Ожидаемый избавитель должен был обладать всеми совершенствами и явиться полной противоположностью смерти, с её страхом, безобразием и разрушением. Но что может быть более противоположно этому, как не любовь, красота и творчество? Чтобы бороться со смертью, он должен был обладать высочайшей любовью, божественной красотой и абсолютной истиной. Он должен был победить смерть. Но как можно победить смерть, самому не умирая? И он должен был умереть. И умереть не своей смертью, а смертью насильственной во цвете лет, чтобы ярче была выражена всепобеждающая власть смерти. Но как можно победить смерть, самому сгнивши в земле? И он должен был воскреснуть…
Всё человечество до Христа жило этой верой в Грядущего. Мировая история до Христа есть прогресс во имя Христа. Ведь Он, этот грядущий Избавитель, должен был явиться олицетворением любви, красоты и истины. Как же было не стремиться к ним, как же было не провозгласить их своим идеалом. Это было необходимо сделать, чтобы возвыситься до Него, и тем ускорить, приблизить Его время. И действительно, человечество сознательно или бессознательно жило стремлением к этому идеалу, ожидая его воплощения. Христос – это высочайшая точка, это результат напряжённейших сил, веками направлявшихся в одну сторону. И Христос действительно пришёл, родился, жил, действительно воплотил в Себе высшую человеческую любовь, красоту и истину.
Человечество, очевидно, должно было поверить и тому, что Он воскрес. Да и Сам Он мог ли не верить, что Ему предстоит воскреснуть? Разве Сам Он не чувствовал, что Его воскресение – последняя надежда мира, что или Он должен воскреснуть, или мир погиб.

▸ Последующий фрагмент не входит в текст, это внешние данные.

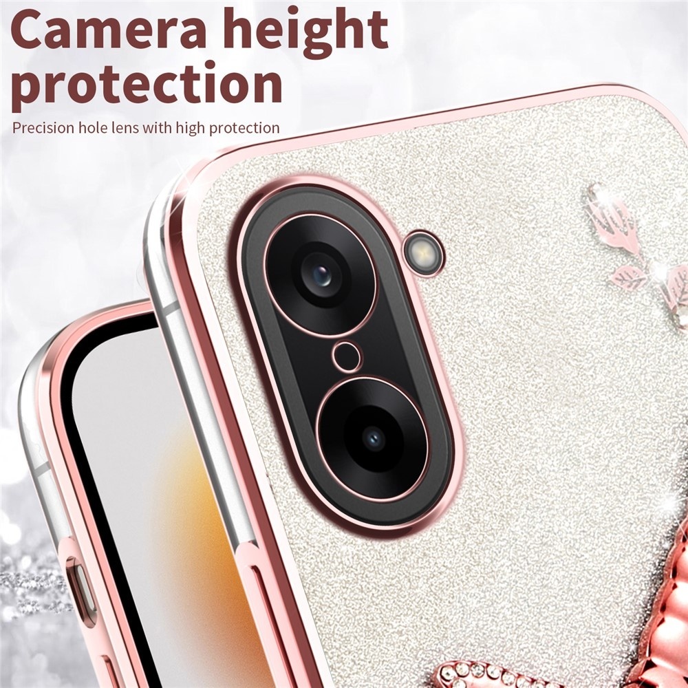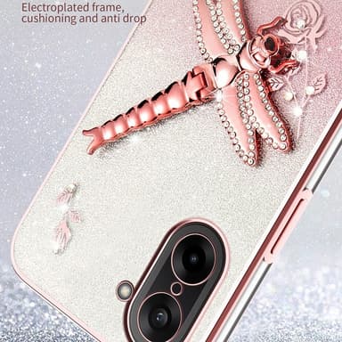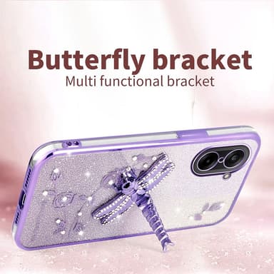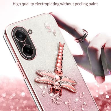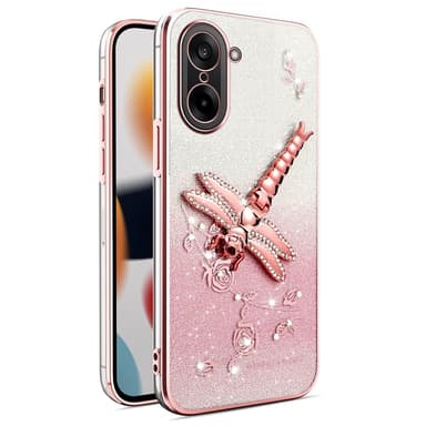 Giv din telefon et touch af elegance med dette KADEM Dragonfly Glitter cover. Det glitrende cover med indbygget stativ giver både stil og funktion. Nyd handsfree-visning med det praktiske stativ, mens det smukke design med evighedsblomst og rhinsten løfter din telefons udseende.

Но Он не воскрес. Его воскресение – это ложь. Смерть победила Христа. Человечество не могло бы жить дальше, сознай оно это, – и оно вымучило в себе веру, истерическую, больную, с надрывом, в то, что Христос победил смерть.
Но и этого было мало. Разве воскресения одного Христа было достаточно, чтобы спасти всё человечество от ужаса перед смертью? Если Христос мог воскреснуть, разве это значит, что воскреснут все?..
И вот из страха смерти и мечты о Христе создаётся факт Его воскресения, и из факта воскресения измученное человечество создаёт грёзу о всеобщем воскресении. А чтобы смерть, по-прежнему истребляющая всех, как до Христа, так и после Него, не смущала слабых душ, новое усыпляющее средство создаёт человечество, новую мечту, что смерть – это последний враг, которого победит Христос.
Создаётся пророчество: «Последний враг истребится – Смерть».
Но Смерть, победившая Христа, медленно берёт свои права; медленно, но неуклонно разрушает она иллюзию воскресения. Смерть – чудовищный факт, но из этого не следует, что его нужно выбросить вон, придумывая различные сказки. Нужно уметь прямо в глаза смотреть правде.
И вся история человечества после Христа есть медленное подготовление к окончательному обнаружению лжи воскресения Христа. И точно так же, как прежде человечество жаждало победителя, верило в его пришествие, – теперь оно жаждет другого, кто бы обнаружил обман и восстановил истинное значение смерти. Сознательно или бессознательно человечество до Христа стремилось с величайшим напряжением к тому, кто бы явился носителем, воплощением в лице человеческом любви, красоты и истины, – стремилось и достигло. Христос пришёл. Точно так же теперь, сознательно или бессознательно, после Христа, с тем же напряжением человечество ждёт того, кто бы явился носителем, воплощением в лице человеческом страха, безобразия и разрушения. И оно должно достигнуть своего. Должен явиться Антихрист.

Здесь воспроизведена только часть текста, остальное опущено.